December 10, 2010
life in financial markets & journalism: ratan tata needs to improve himself first
Rata Tata lives in an illusionary world of his own making where twisting and distorting the truth is a daily necessity. Its been many years since I could not but help to realise that this man, like many of his peers in Indian and world industry, does not merit the flattering write-ups by senior editors and journalists in Indian and world media (which, by the way, still continues shamelessly by some newspapers, magazines and television channels despite all the recent exposes as per the conscious decisions of their editor-in-chiefs).
As a journalist, I am amused when I see many media editors harp about integrity in journalism and then go on to practise insidious journalism, executed very cunningly. I have written about this a couple of times in my blog but it needs to be stated again: editor-in-chiefs in a majority of media organisations in India hold large amounts of power without any accountability to any one. Unfortunately, majority of the readers and viewers of Indian media choose not to notice this.
Anwyay, there is a good write-up by a columnist at Outlook magazine's website putting Rata Tata's recent statements to media in an insightful perspective. I share it below.
The Banana Sheiks
The Niira Radia tapes have firmly put the spotlight of adverse attention on politics and the media. But surprisingly, the loudest voice of protest—which is also a claim of innocence and a warning that the focus on the mud-smeared keeps attention off the real beasts in the 2G story—has come from India Inc. Ratan Tata, head of the Tata group and Radia’s foremost client, calls the leaked tapes “unauthorised” and their publication and the subsequent buzz “a smokescreen” for the real scam. He has asked the government to book those guilty in the 2G scam “but stop this banana republic kind of attack”.
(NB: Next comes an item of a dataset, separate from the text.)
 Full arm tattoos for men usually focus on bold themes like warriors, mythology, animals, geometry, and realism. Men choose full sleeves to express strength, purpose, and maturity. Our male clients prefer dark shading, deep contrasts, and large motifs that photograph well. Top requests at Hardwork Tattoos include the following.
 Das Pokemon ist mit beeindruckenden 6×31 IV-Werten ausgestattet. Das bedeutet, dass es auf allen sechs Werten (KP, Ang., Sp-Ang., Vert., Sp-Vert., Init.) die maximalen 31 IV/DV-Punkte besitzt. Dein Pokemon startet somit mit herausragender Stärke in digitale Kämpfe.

For this paragon of propriety, rightly affronted by the breach of privacy, the whistle-blowing that brought the tapes into the open is symptomatic of a “banana republic”—never mind that it exposes the nexus between business, bureaucracy and the media. He has even enlightened us, in the course of a television interview, on what happens in banana republics: “Banana republics are run on cronyism. People of great power wield great power. People with less power, or those who are not in power, go to jail without adequate evidence or their bodies are found in the trunks of cars.” Sounds like one of the many cautionary notes wise men pronounce regarding the conditions the country could slide into if the rule of law is not upheld. But listen to those words, coming from a powerful industrialist, from the perspective of a whistle-blower, presumably someone with “less power”, and you would be forgiven for reading a threat between those lines.
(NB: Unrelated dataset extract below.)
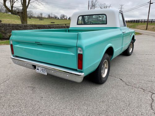 i have freshly restored 1967 c10 short bed fleet side pick up, just got done with restoration and the truck currently has 400 miles on it since it was finished, it has a 350 chevy that has been freshen up with all new gaskets with a weiand intake a small cam and a new demon 625 carb and the trans is a th350 that i believe to be stock and the rear end is a 4:10 posi trac, its does have powers steering and the truck is set up for power brakes all it needs is a booster and it would be good to go, it does have a custom red oak bed that was made by a cabinet maker and is really the center piece of the truck, whole bunch a has been done and too much to tell in one ad so if you have any questions feel free to message me and thank for looking! here's is a list of some of the new parts on the truck, brake lines, fuel lines, air Filter, exhaust and mufflers, all new sheet metal for bed, front and rear bumper, radiator, rad retainer, shocks, wiper motor, door panel, door panel chrome trim, arm rest, window crank, inside door handle, outside door handle, starter, front inner fenders splash pan, chrome door sill, fender emblems, radio, speakers, transmission cross member, retro hidden antenna, temp sender, all new hoses, ignition wires, u joint, new 275-60-15 master craft avengers, shifter, electric cooling fan, battery, thermostat, fluids, transmission filter kit, seat cover, dash pad, tachometer conversion kit, amp gauge, accelerator pedal and trim, brake pad, rear window seal, windshield seal, door weather seal, lockset, glove box, rear window glass, headlamp bezels, taillamp lens, rear mount gas tank set, stainless fuel filer, carpet, grille molding, sunvisers, bed stripes with bolts, 20 circuit wiring harness, cigarette lighter, headlight knob, cowl vent knob, wiper knob, knob bezels, instrument bezel 7 hole, turn signal lever, center caps, billet radio bezel, beauty rings, wiper arms, dome light, new brakes front and rear, lug nuts, oil pressure sender, oil pressure gauge, heater core, chrome valves covers and breather, alternator, engine gasket set, lokar kickdown cable, coolant recovery jug, hood, hood hinge, and I'm sure I'm forgetting some items but i think i got the majority,

Something good may come of it, after all, for the great man has helped us with the diagnosis by telling us how banana republics work—through cronyism, which has been on ample display in those very tapes he despises, though the more precise term for what the tapes reveal would be crony capitalism. What the cag report on 2G and the tapes reveal is the sale of spectrum at throwaway prices, changes in eligibility and procedural criteria to favour a few chosen ones, windfall gains through sale of equity and resale of spectrum, cartelisation through cross-holdings in supposedly rival companies, and lobbying for the appointment of a minister whose decisions made all that possible. They also hint at money-laundering, bribery and manipulation of policy, administration, the media and even the judiciary in matters like aviation and the quarrel over natural gas between the Ambani brothers. The primary driver in all this is capital: it is corporate houses that employ lobbyists to cozy up to politicians, bureaucrats and the media; it is corporate houses that cultivate and invest in these groups in order to corner windfalls. Corporate houses, therefore, cannot claim victimhood in a kleptocracy of their creation.
The diagnosis is for the UPA-2 government, professed champion of inclusive growth and the aam aadmi, to understand and act upon. For it’s crony capitalism that has driven the miracle growth rate of close to nine per cent. Rajeev Chandrashekhar, a Rajya Sabha MP and former FICCI president, has pointed out that agriculture has grown at a dismal one per cent and manufacturing at no more than three per cent. The so-called miracle has been achieved through phenomenal growth in mining, real estate, construction. Recent scams—Adarsh, CWG, the Bellary brothers’ many depredations, Yediyurappa’s land largesses to relatives, and not the least, the 2G scam itself—are strong enough indications of the profitable webs big business casts.
The public revulsion these scams have evoked should be a wake-up call. Pointing to bigger stains on the clothes of the opposition will not be enough to save this dispensation. Governments that were complacent about corruption were overthrown despite a decimated and vanquished opposition in the wake of the Jayaprakash Narayan movement in the 1970s and the Bofors disclosures in the late 1980s. The scale of robbery this time has been revealed to be so high, its execution so systematic, that it will take much more than window-dressing to save the government—and much more important—the poor who live in hope.
When the licence-permit raj was disbanded, ushering in liberalisation and globalisation and the promise of plenty, it was said cronyism would come to an end: anyone with initiative could compete on a level playing field. How mythical this is the robber barons of big capital have just driven home to us. The real smokescreen—one Ratan Tata is unlikely to warn against—is the neo-liberal rhetoric that shields crony capitalism and allows it to stealthily profit by influencing policy and leave India’s poor with empty bowls.